Needed from the data below: every line from the one with "Viggo Venn leder" up to and including the one with "SET GESSATO CON", repeated exactly and with nothing else.

* Data *
====
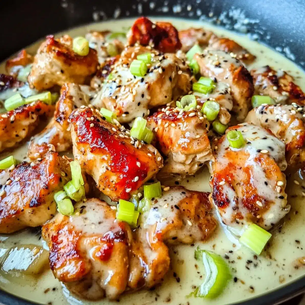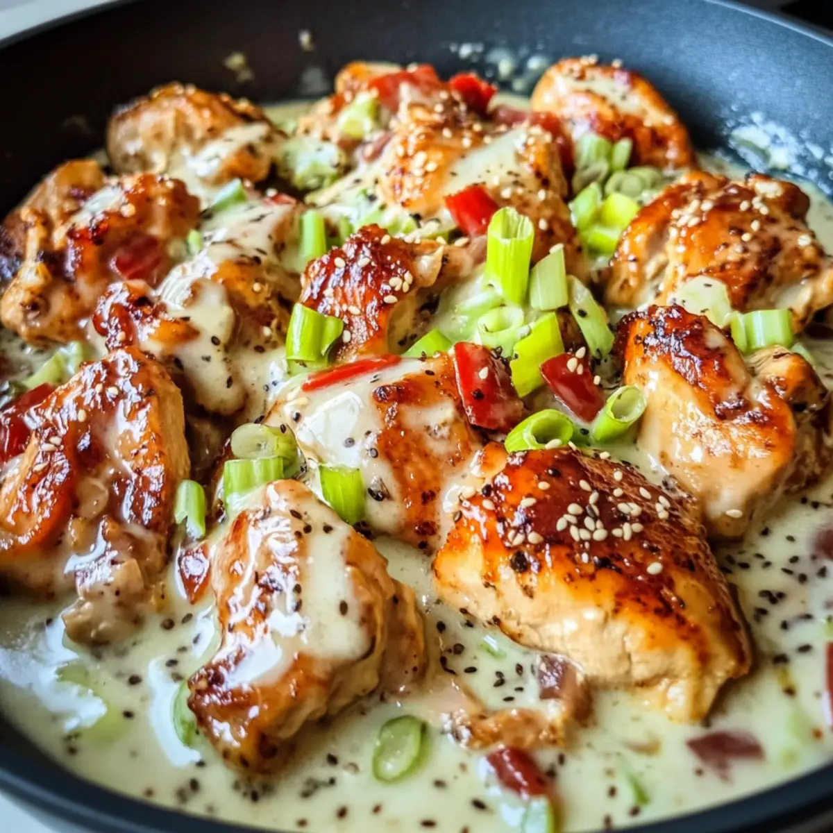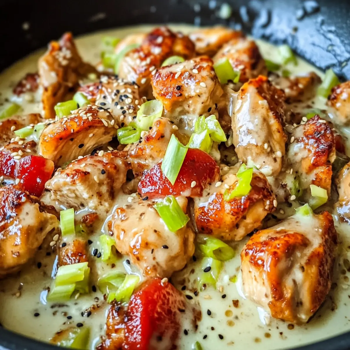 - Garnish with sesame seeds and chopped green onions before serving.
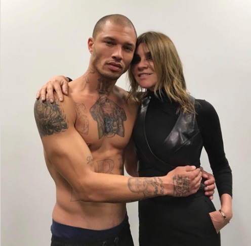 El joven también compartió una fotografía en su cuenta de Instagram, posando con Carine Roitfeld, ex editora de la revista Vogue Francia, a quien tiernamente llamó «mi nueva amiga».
====
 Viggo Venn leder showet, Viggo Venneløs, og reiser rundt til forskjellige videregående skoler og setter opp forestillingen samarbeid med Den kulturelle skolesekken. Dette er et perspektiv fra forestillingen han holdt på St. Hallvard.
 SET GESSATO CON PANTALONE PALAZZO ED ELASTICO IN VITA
====
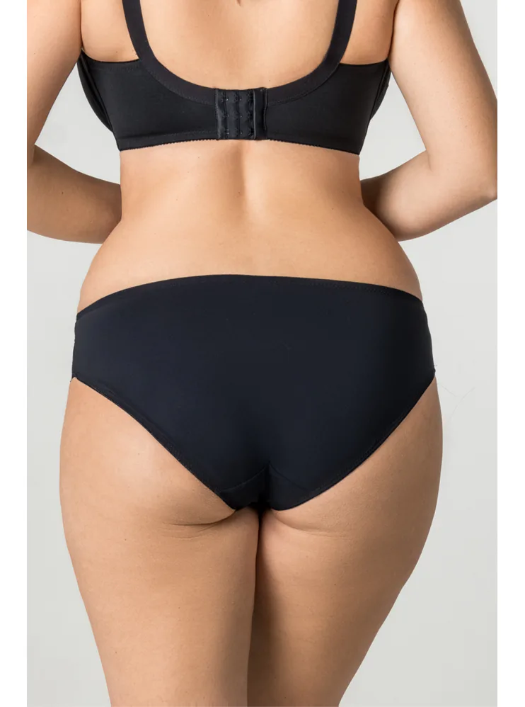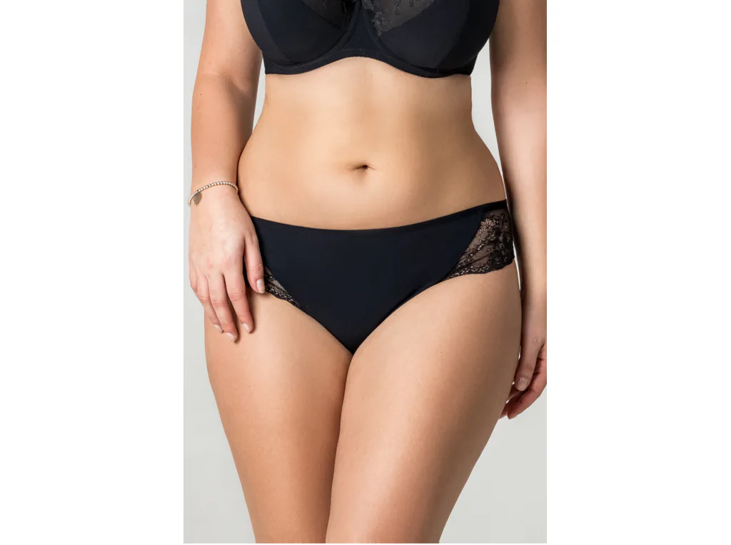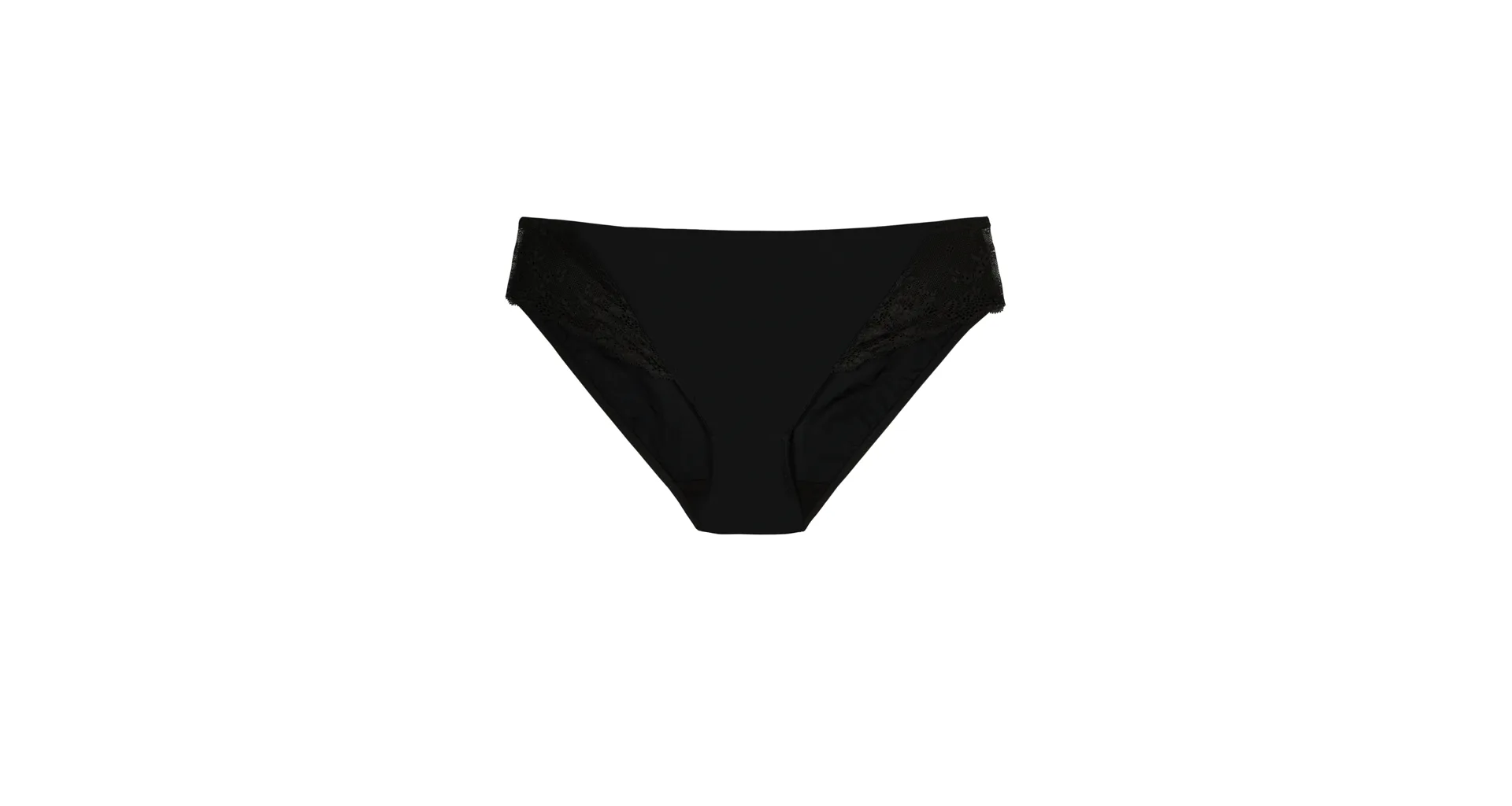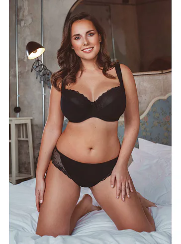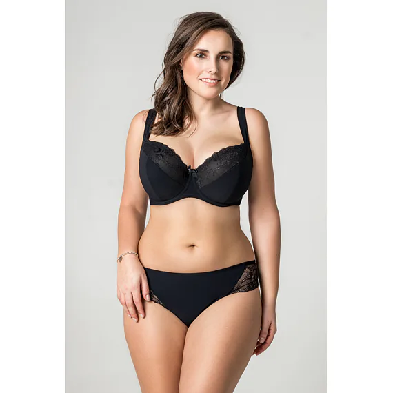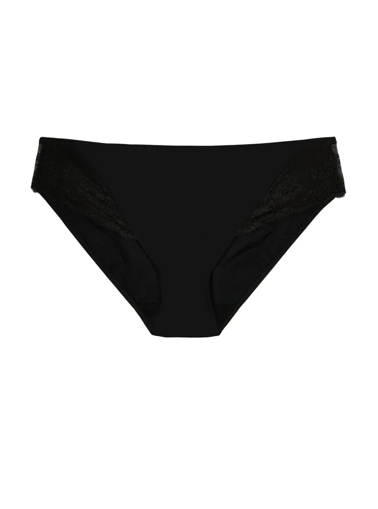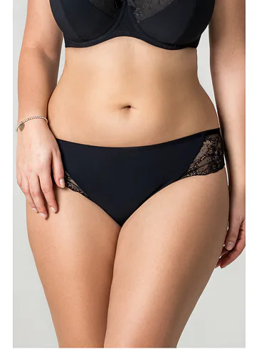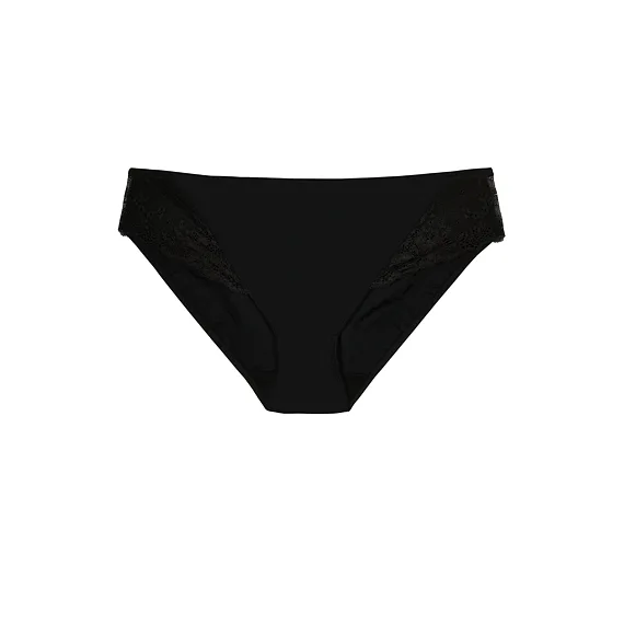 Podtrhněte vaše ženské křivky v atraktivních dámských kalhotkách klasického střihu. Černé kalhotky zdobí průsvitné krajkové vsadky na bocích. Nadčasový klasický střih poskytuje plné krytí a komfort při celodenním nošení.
====
* The answer *
 Viggo Venn leder showet, Viggo Venneløs, og reiser rundt til forskjellige videregående skoler og setter opp forestillingen samarbeid med Den kulturelle skolesekken. Dette er et perspektiv fra forestillingen han holdt på St. Hallvard.
 SET GESSATO CON PANTALONE PALAZZO ED ELASTICO IN VITA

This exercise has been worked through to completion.